Stéphane Beaud, Gérard Noiriel, Race et sciences sociales. Essai sur les usages publics d’une catégorie

Marseille, Agone, 2021, 432 p., 22 €

journaliste

Nos éminents auteurs ont décidé de plonger dans le marigot de la polémique pour rappeler « la place qu’on accorde à la recherche empirique pour comprendre le monde social lui-même, autrement qu’à travers ses seules “représentations” », en précisant « qu’aucune cause et aucune théorie ne nous donneraient les clés pour comprendre les réalités complexes ».
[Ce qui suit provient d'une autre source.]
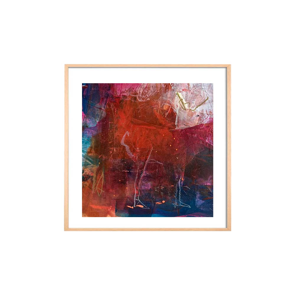Flot egetræsramme med glas medfølger, så værket er lige til at hænge op.
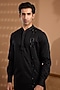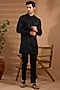 Black Cotton Satin Hand Embroidered Kurta Set For Boys
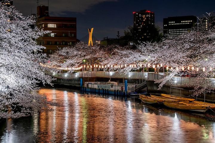 都内有数の桜名所「目黒川」で優雅に水上花見
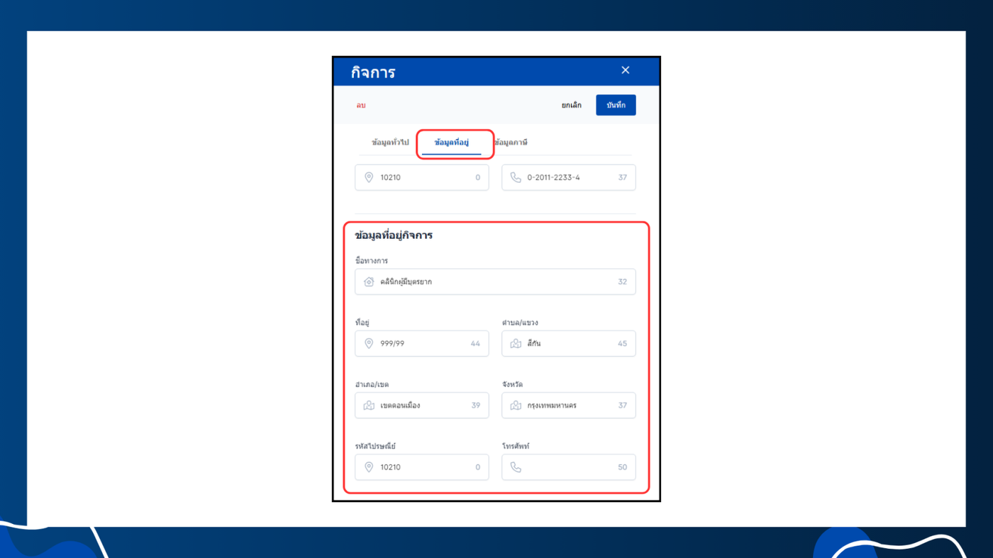 ข้อมูลที่อยู่กิจการ: กรอกข้อมูล
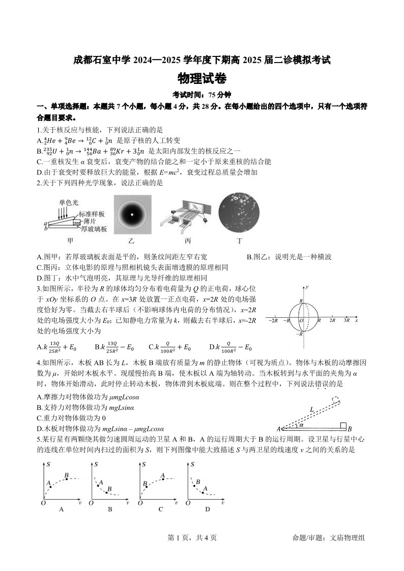 成都石室中学2024-2025学年度下期高2025届二诊模拟考试 物理.pdf
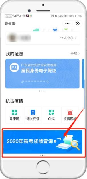 微信搜索登录“粤省事”小程序,从首页下图箭头所指位置进入“高考成绩查询”(高考成绩查询入口将于18:30后开放)。
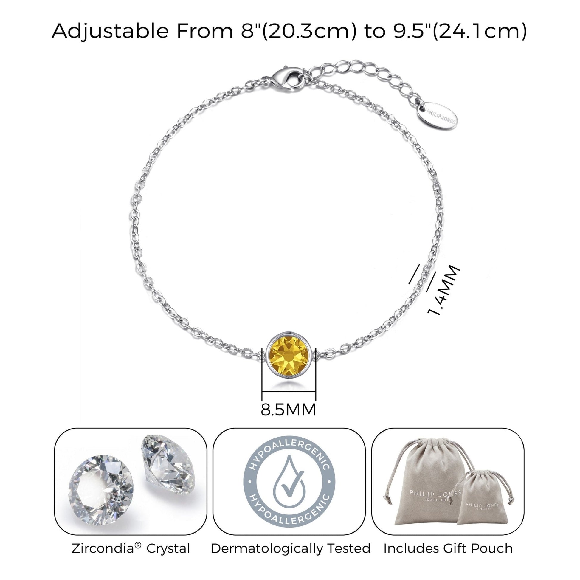 Enhance your look with this November (topaz) birthstone anklet. Crafted from silver plated brass alloy, this stunning charm anklet is finished with 20.3cm plus a 3.8cm extender cable chain and secure lobster claw closure. Featuring 1 8mm crystal from the renowned Zircondia® brand, the anklet comes in a stylish yellow hue.
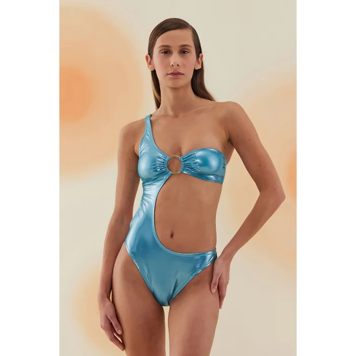 Product: Tatacoa Shiny Crimson Red Ring Accessory One Shoulder Swimsuit
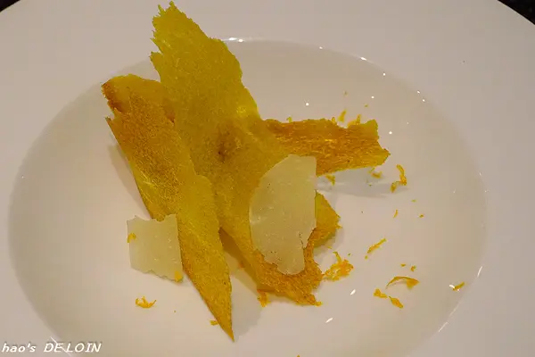 一旁如紙般的深褐薄片是以洋蔥精心烤製而成,
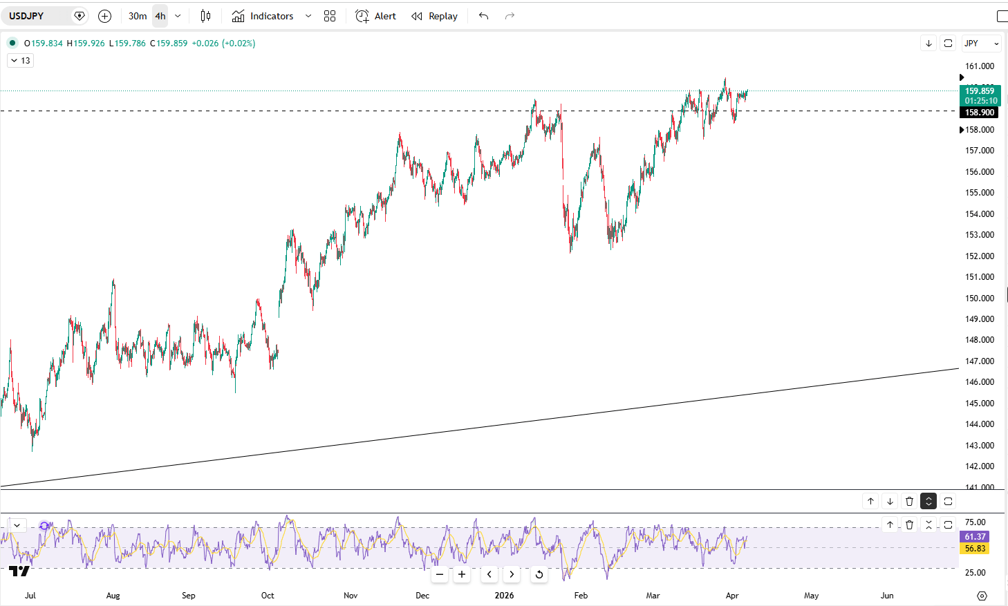 Technically, resistance stands near 159.90, while support is firm at 158.50.
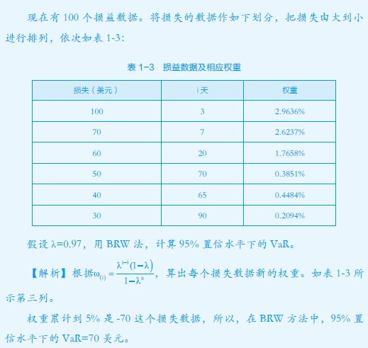 同学,你好,不是看权重的分位数,我们依旧还是按照损失的大小进行排序,然后根据损失大小排序好的顺序,将每一个损失对应的权重也计算好,然后我们是按照权重进行累积,假设在95%的置信水平下,那么就按照权重累积5%,排在5%位置上的损失数值就是对应的VaR,给你举个例子说明一下:看下图
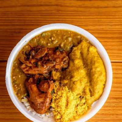 xinxim de frango, arroz branco ,vatapá ,caruru, feijão fradinho
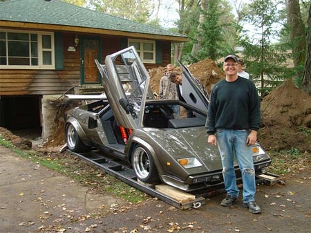 據(jù)俄羅斯新聞網(wǎng)報(bào)道,這名美國人在自家地下室,用時17年手工打造出自己的超級蘭博基尼跑車。但如何從地下室脫出跑車又成一問題,為此Imhoff不惜墻倒屋塌,專門找來掘土機(jī)在自己房屋下開出一個大洞,成功將跑車?yán)鰜。在這個過程中,他唯一擔(dān)心的是砸下了的石頭會否砸壞他的愛車。
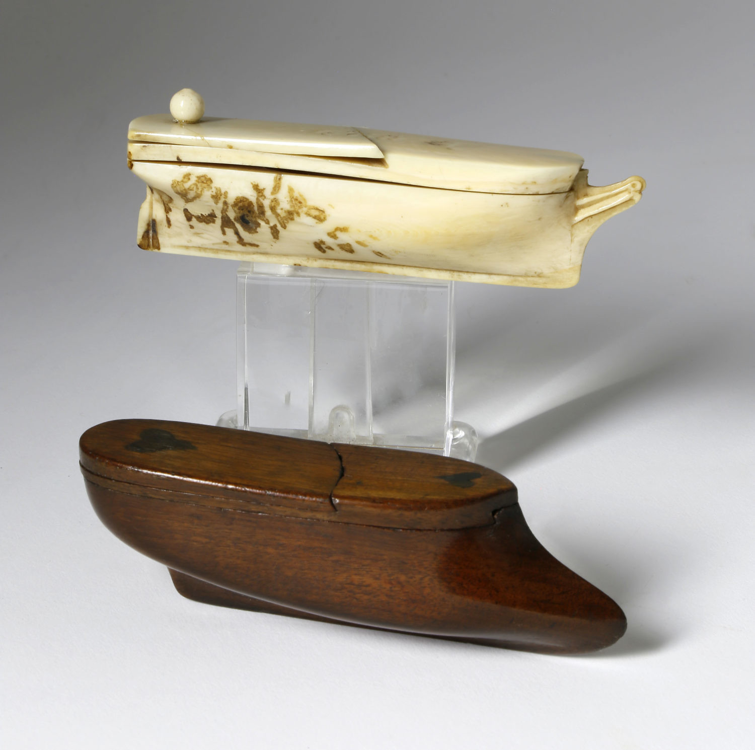 Two Whaler Made Puzzle Snuff Boxes Consign Now Dept19th Century Scrimshaw, Furniture/Decorative ArtsSizeLength 5 in. Two Whaler Made Puzzle Snuff Boxes, circa 1840-60, the ivory box carved out of a single sperm whale tooth in the form of a whaleship, the wood box in the form of a ship with two heart inlays. Length 5 in. Please note that this auction has ended. Click here for an overview of this auction.

De quelles « représentations » s’agit-il ? Du retour de la « race », la « race » comme unique objet de raisonnement sociologique ou matinée de sexe et/ou de classe. Qu’importe ! Selon nos auteurs, les logiques de domination économique (de classe) seraient abandonnées ou minorées depuis cinq décennies sous l’action conjuguée des mouvements régionalistes post-68, des instrumentalisations identitaires (à commencer par l’affaire Djilali Ben Ali en 1971), du droit de l’hommisme version BHL et consorts, d’une gauche qui a abandonné la tradition sociale au profit des aventures identitaires, en enfermant une partie des citoyens dans la catégorie « beur », puis jusqu’à la réduction ad arabum et ad islamicus. L’université française, celle sous influence américaine, a réduit les émeutes de 2005 à une dimension « raciale », (re)valorisé les « groupes subalternes » et autres indigènes de la république, et tracé une ligne entre passé colonial et esclavagiste et actuelles discriminations. Reste le rôle des médias et des réseaux où règnent sentimenteurs et émotifs.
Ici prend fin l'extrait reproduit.